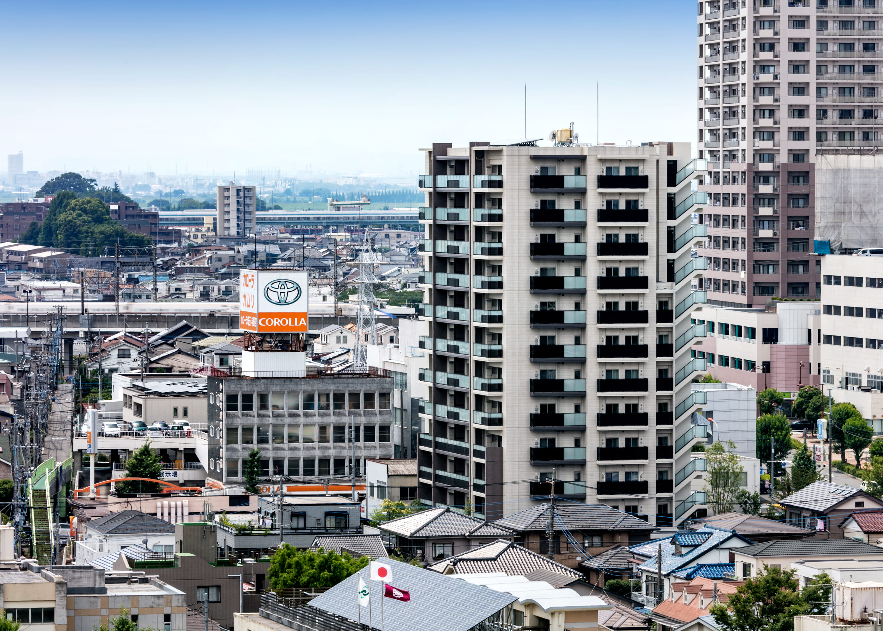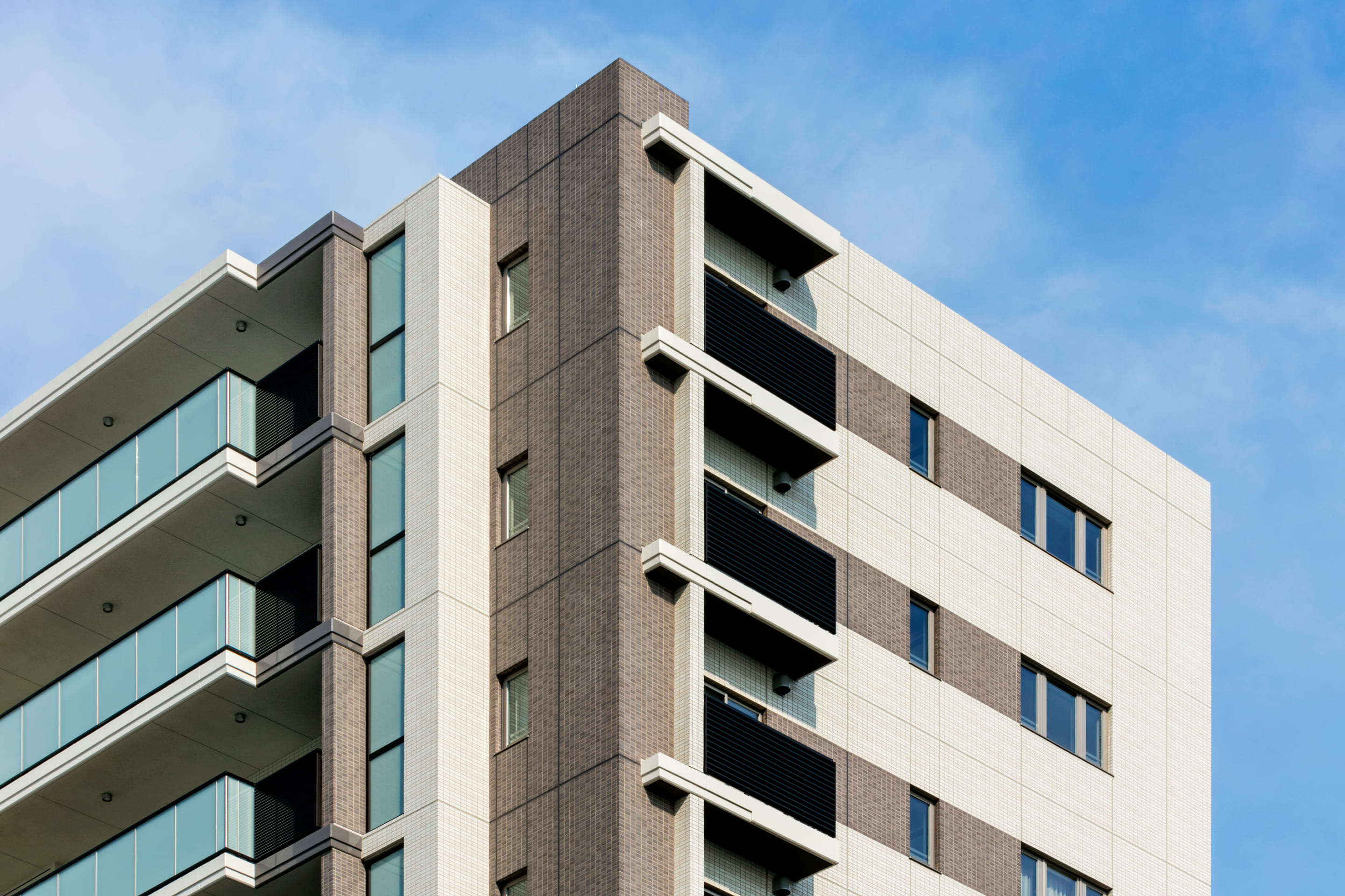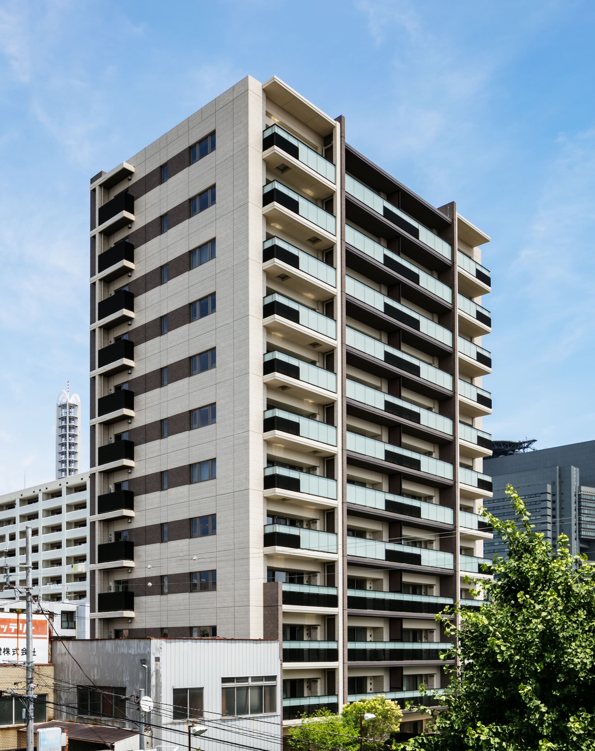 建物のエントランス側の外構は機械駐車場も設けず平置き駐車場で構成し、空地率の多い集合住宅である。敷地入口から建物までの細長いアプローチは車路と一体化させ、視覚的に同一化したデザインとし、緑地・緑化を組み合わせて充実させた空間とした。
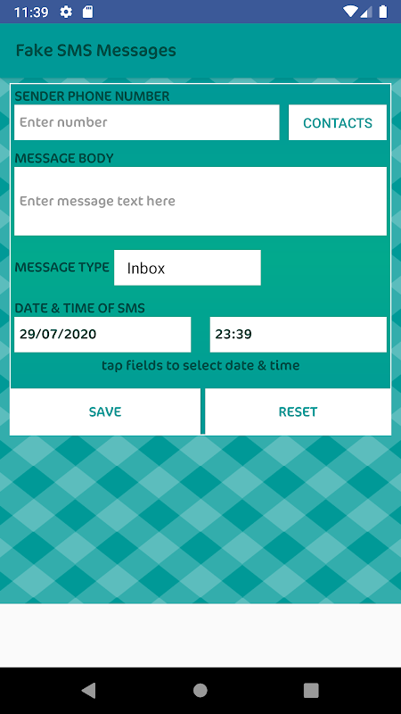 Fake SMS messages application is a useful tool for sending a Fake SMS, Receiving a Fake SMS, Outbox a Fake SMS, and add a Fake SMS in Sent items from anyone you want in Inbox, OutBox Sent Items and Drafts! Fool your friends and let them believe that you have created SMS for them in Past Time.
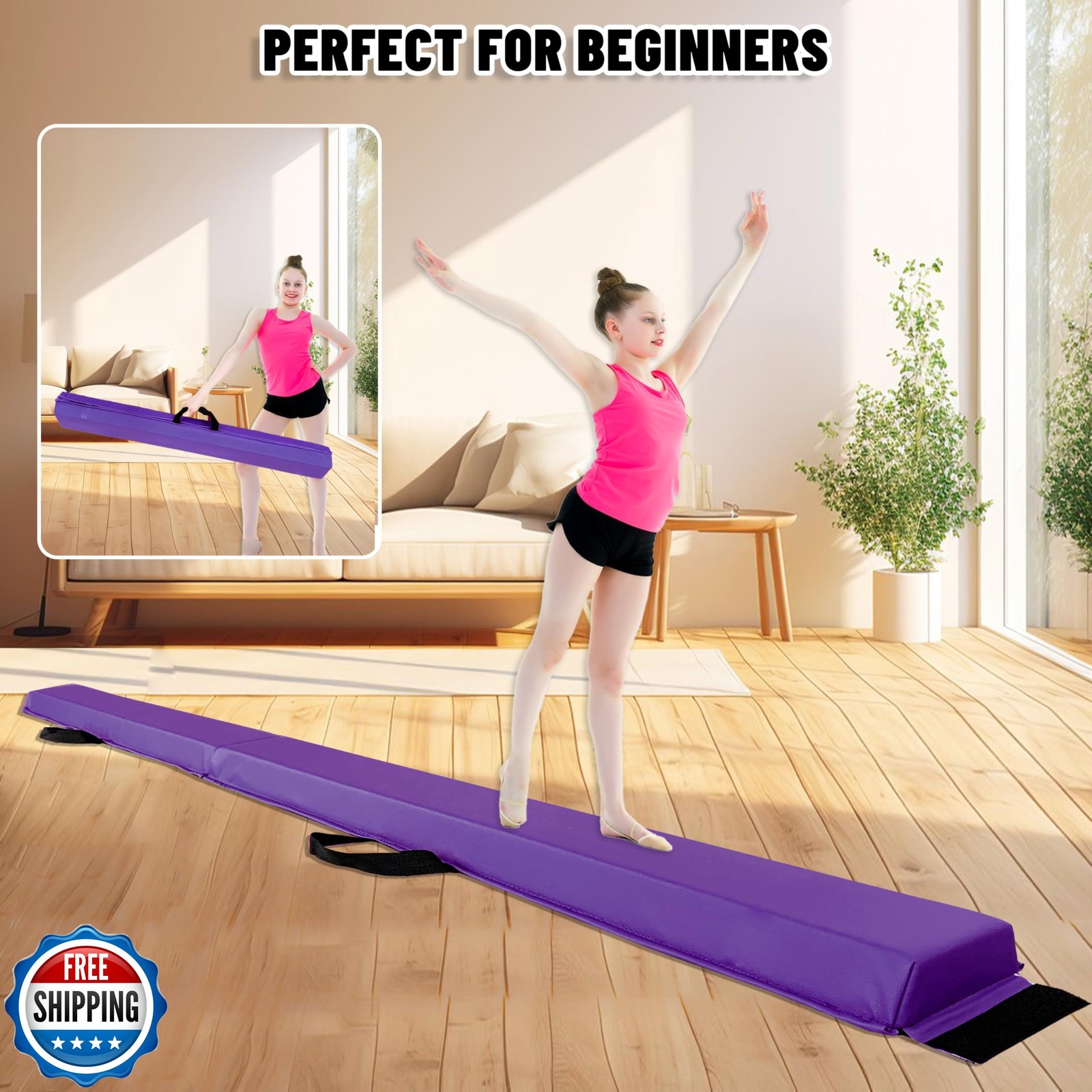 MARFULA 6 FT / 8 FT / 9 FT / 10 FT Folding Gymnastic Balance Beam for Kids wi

::::

→ **Requirement**
The entire listing above is to be copied exactly, with all pictures omitted.

→ **Solution for this problem**
 建物のエントランス側の外構は機械駐車場も設けず平置き駐車場で構成し、空地率の多い集合住宅である。敷地入口から建物までの細長いアプローチは車路と一体化させ、視覚的に同一化したデザインとし、緑地・緑化を組み合わせて充実させた空間とした。
 Fake SMS messages application is a useful tool for sending a Fake SMS, Receiving a Fake SMS, Outbox a Fake SMS, and add a Fake SMS in Sent items from anyone you want in Inbox, OutBox Sent Items and Drafts! Fool your friends and let them believe that you have created SMS for them in Past Time.
 MARFULA 6 FT / 8 FT / 9 FT / 10 FT Folding Gymnastic Balance Beam for Kids wi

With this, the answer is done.